Свистит, ругается. Вдруг слышу:
- Барин! Станция Выра! Лошадей меняем! Вы идите на станцию, а я лошадей распрягать. Мы вышли с коляски, пошли на станцию. Я иду, рядом с Пушкиным А. С.  Мы заходим в ямщицкую – большая комната, с выходом в конюшню, где ящики ожидают очередь на выезд. Посереди комнаты большой стол, на столе глиняная посуда, чашки, ложки, рядом два кисета. На стене балалайка. По стене широкие лавки. В углу хомуты и сбруя. В углу большая русская печь, рядом ухваты, утварь. Рукомойник, корыто. У входа в конюшни несколько железных фонарей (для запряжки лошадей в ночное время). В большем углу иконы – изображение Иисуса Христа, Матери Божией, святого Власия (покровителя животных). В доме станционного смотрителя, словно ожили все образы повести – голубоглазая красавица Дуня, стройный гусар.
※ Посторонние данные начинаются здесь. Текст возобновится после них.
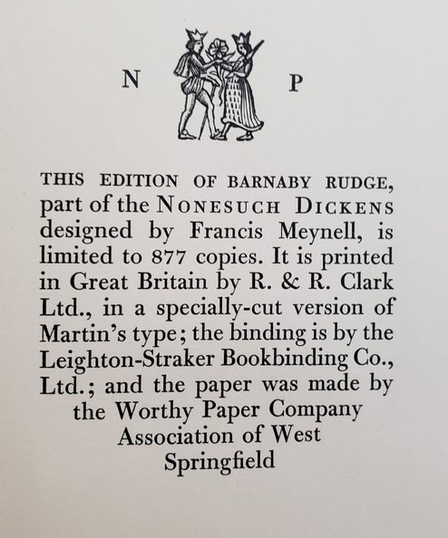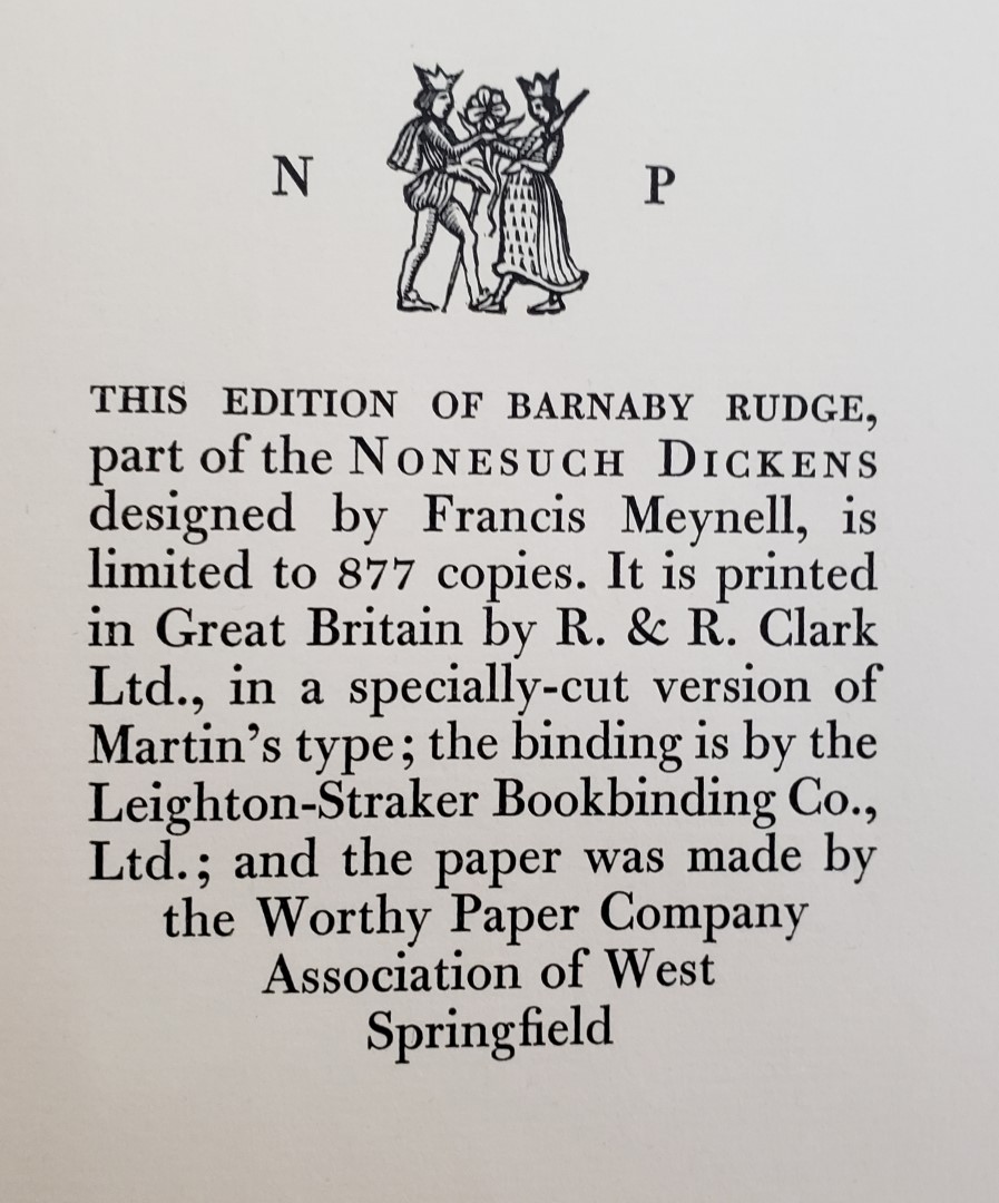 LIMITED EDITION of 877 copies only. Large octavo, pp., ix, [3], 685, [3]. Illustrated throughout with engravings and decorative initial letters by Phiz and Cattermole, plus facsimiles of the frontispieces to “Master Humphrey’s Clock” and the 1849 Cheap Edition, and the engraved title-pages for Volumes I and II of the 1858 Library Edition. Original blue buckram bound by Leighton-Straker Bookbinding Co, with gilt titles to black label to spine; top edge gilt, others uncut. Spine lightly sunned and a little foxed; boards bumped at corners and upper board damp-stained to lower third. Endpapers lightly foxed otherwise contents clean, with no annotation or inscriptions. A very good copy overall.

Пушкин осмотрелся и громко говорит:
- Смотритель! Лошадей! И протягивает подорожную. Смотритель читает подорожную, смотрит на ямщиков.
- Тимоха! Запрягай тройку с барином поедешь. Чувствую, меня тряхнуло. Открываю глаза, автобус затормозил на перекрестке, нам красный светит. Минута и мы поехали. Я повернул голову на лево. Вспомнил в 1985, или 6 годах я был на экскурсии в домике Арины Родионовны. В Кобрине. Читатель ты представляешь! Домик няни Пушкина, чудом сохранился с Ганнибаловой поры. Им владели родные, из поколения в поколение. Потом война. Последние родственники Трошковы переехали в Ленинград, домик остался без хозяина. В начале 1950 – х избушку спасла добрая женщина, словно руку помощи протянула живому существу. Это была Наталия Михайловна Ныркова, деревенская учительница. Она на сваи деньги купила этот домик. Стала в нем жить. А когда узнала, что это за домик. Она добилась, чтобы домик сделали музеем. К ней заходили люди, особенно школьники. Она завела такое правило: прочти стихотворение Пушкина, переступишь порок. Помню, как она рассказывала об Арине Родионовне – мы ее как живую видели в этой избе. Да все было, и я опять задремал. Чувствую, я подхожу к домику Арины Родионовны. Странно? Стучу, звука сам не слышу. Открываю дверь, она не закрыта. Вижу, прихожая осветилась, заслоняя горящую лучину рукой, стоит женщина.
- Здравствуйте! Можно в гости?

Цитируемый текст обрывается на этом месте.